> _Exercise goal_
Print the line that contains "Trend-in məlumatına görə, bunu", then every line after it until the entries end, exactly as they read; do not include pictures.

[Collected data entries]
- - -
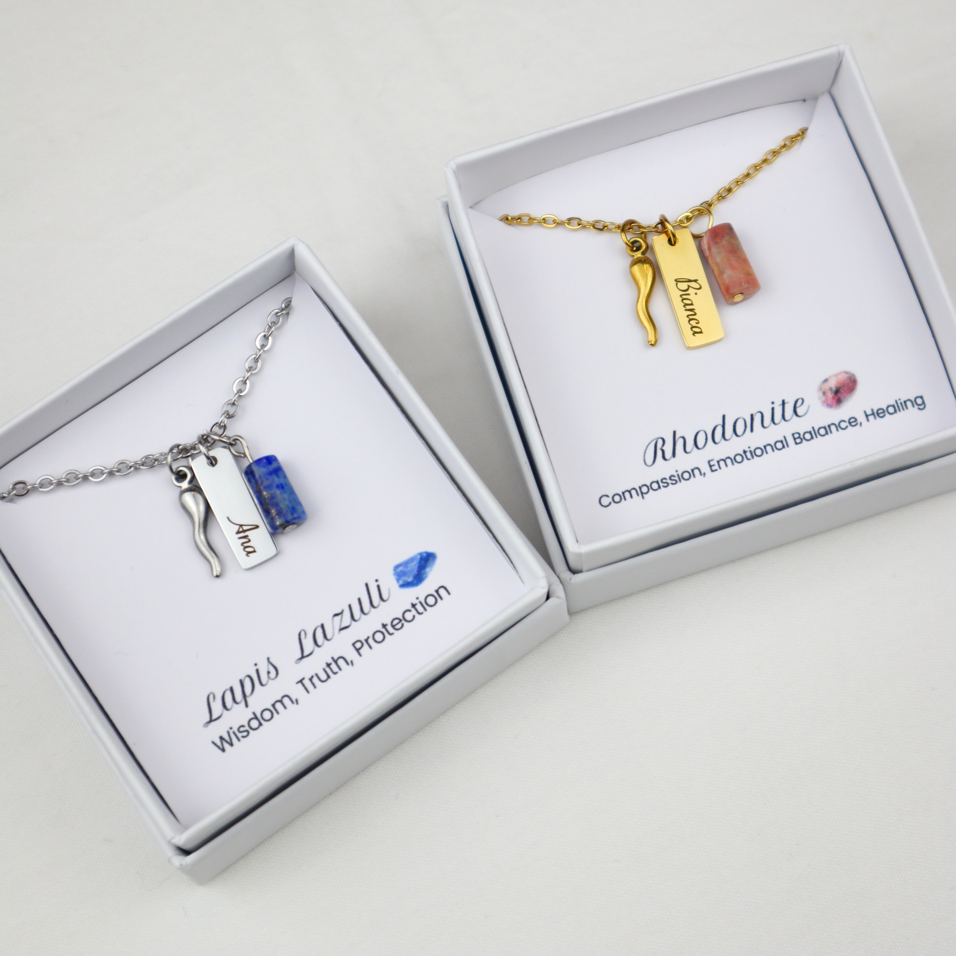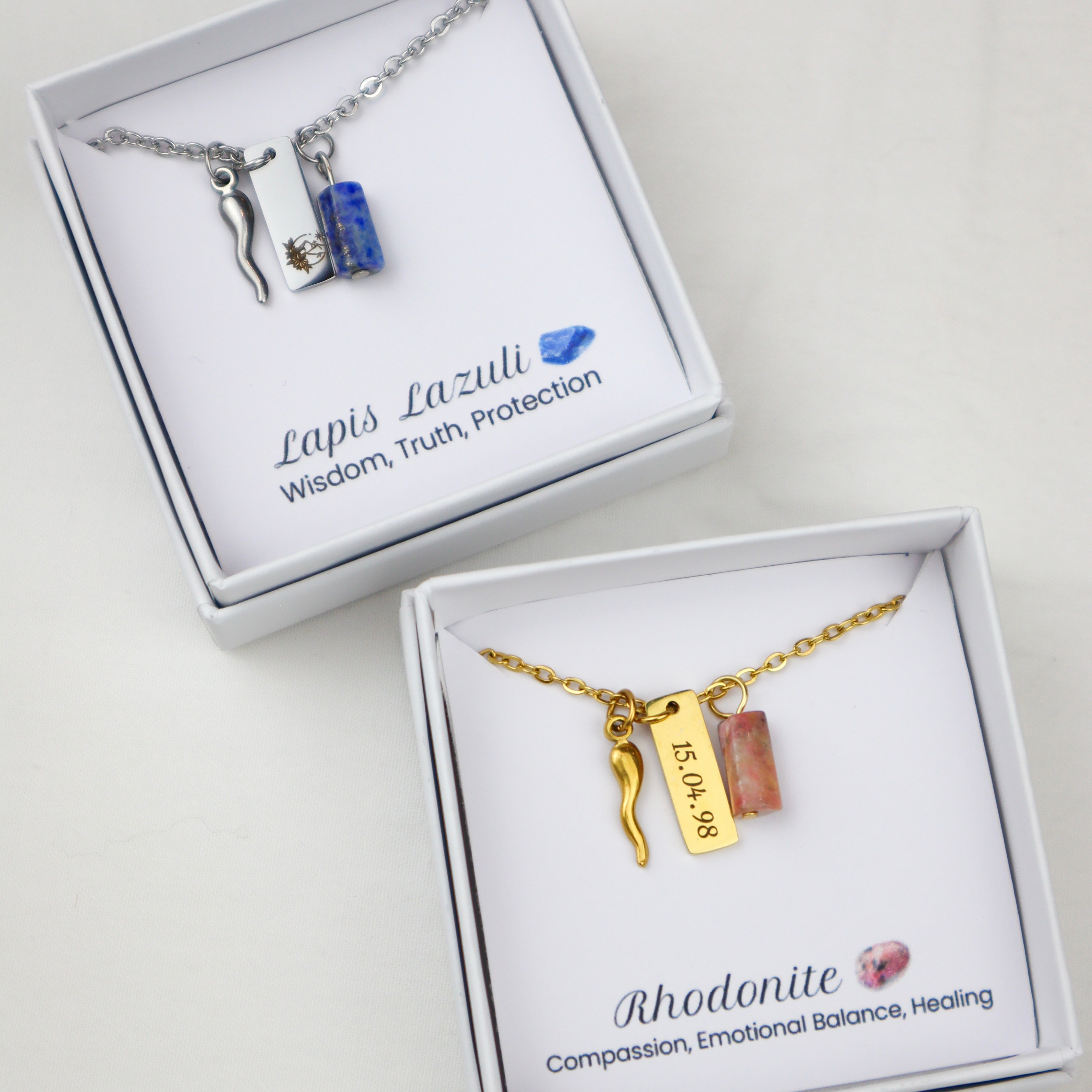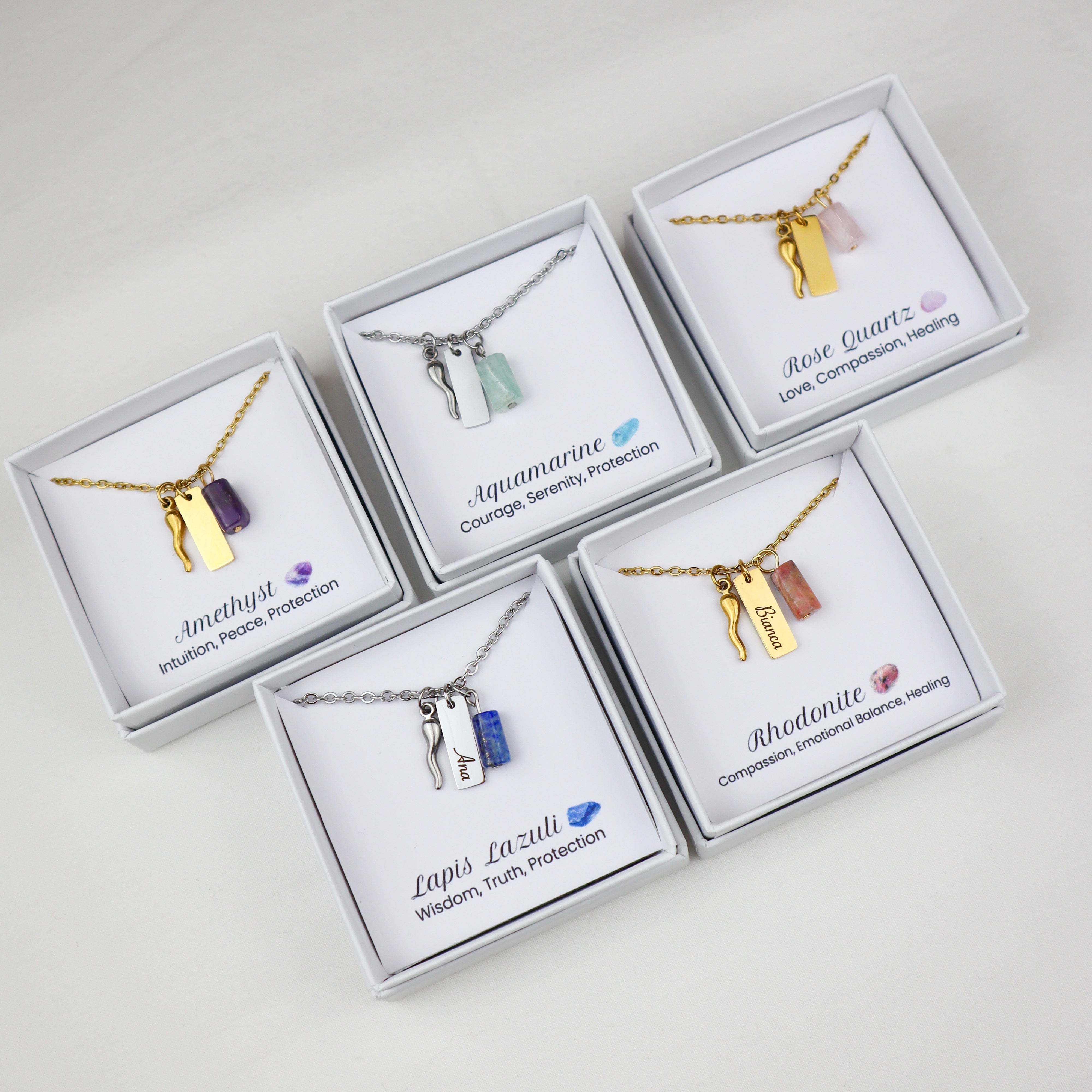 • Natural Stones : Choose from Lapis Lazuli, Rose Quartz, Aquamarine, Amethyst or Rhodonite, each with a deep meaning and special energies.
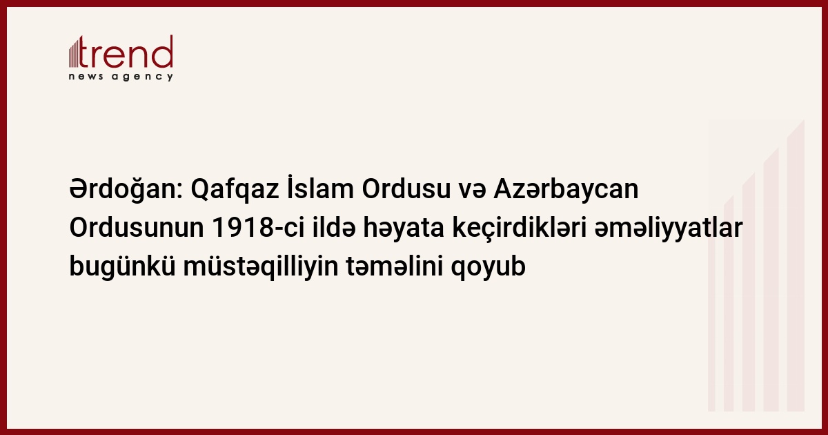 Trend-in məlumatına görə, bunu Türkiyə Prezident Rəcəb Tayyib Ərdoğan Bakı şəhərinin daşnak-bolşevik işğalından azad edilməsinin 100 illiyinə həsr olunmuş paradda çıxışı zamanı bildirib.
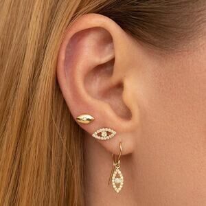 Crafted in 18K gold and accented with a diamond "iris", this stud will add some sparkle and protection to your every day.
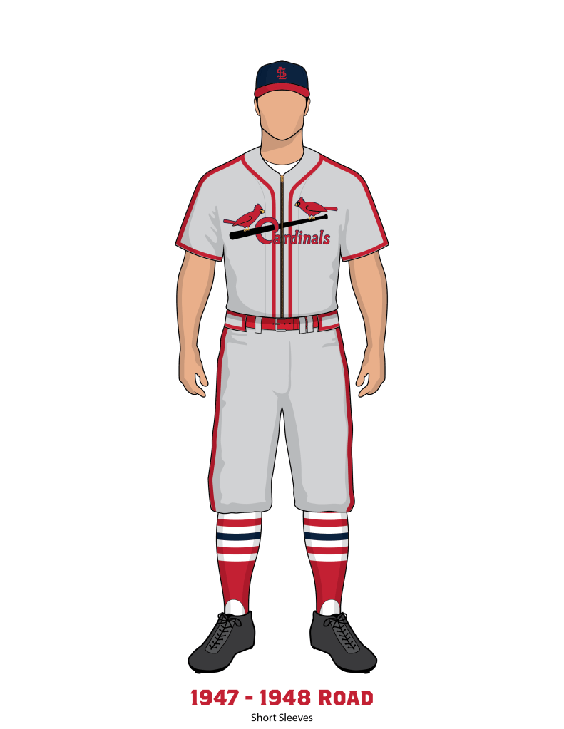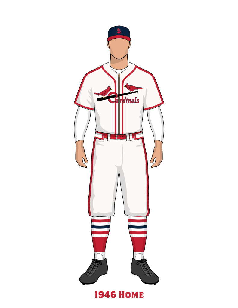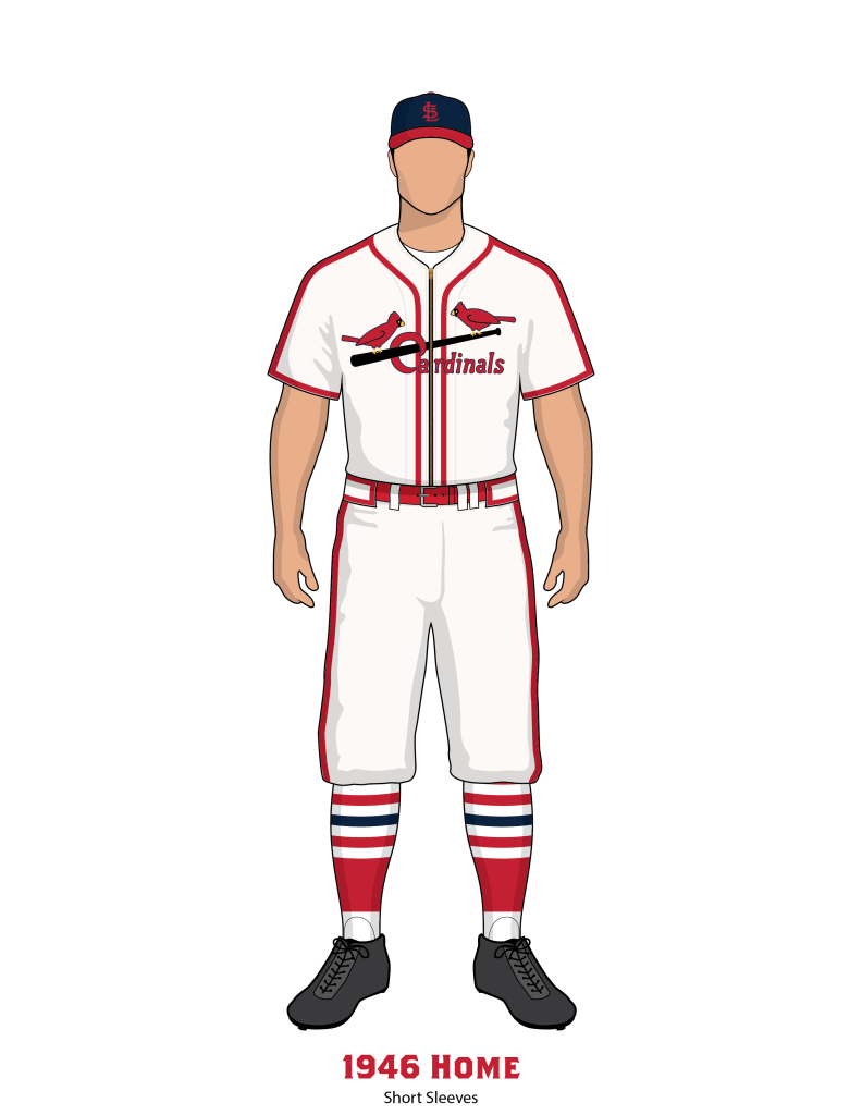 In 1946 the Cardinals returned to wearing zippered jerseys and the WW2 patch was removed from the uniform.
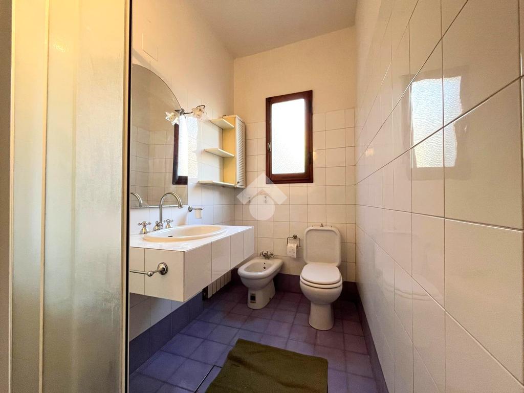 Il servizio igienico è finestrato con box doccia. Infine troviamo un ripostiglio cieco adiacente all'ingresso.
- - -
> _Exercise result_
 Trend-in məlumatına görə, bunu Türkiyə Prezident Rəcəb Tayyib Ərdoğan Bakı şəhərinin daşnak-bolşevik işğalından azad edilməsinin 100 illiyinə həsr olunmuş paradda çıxışı zamanı bildirib.
 Crafted in 18K gold and accented with a diamond "iris", this stud will add some sparkle and protection to your every day.
 In 1946 the Cardinals returned to wearing zippered jerseys and the WW2 patch was removed from the uniform.
 Il servizio igienico è finestrato con box doccia. Infine troviamo un ripostiglio cieco adiacente all'ingresso.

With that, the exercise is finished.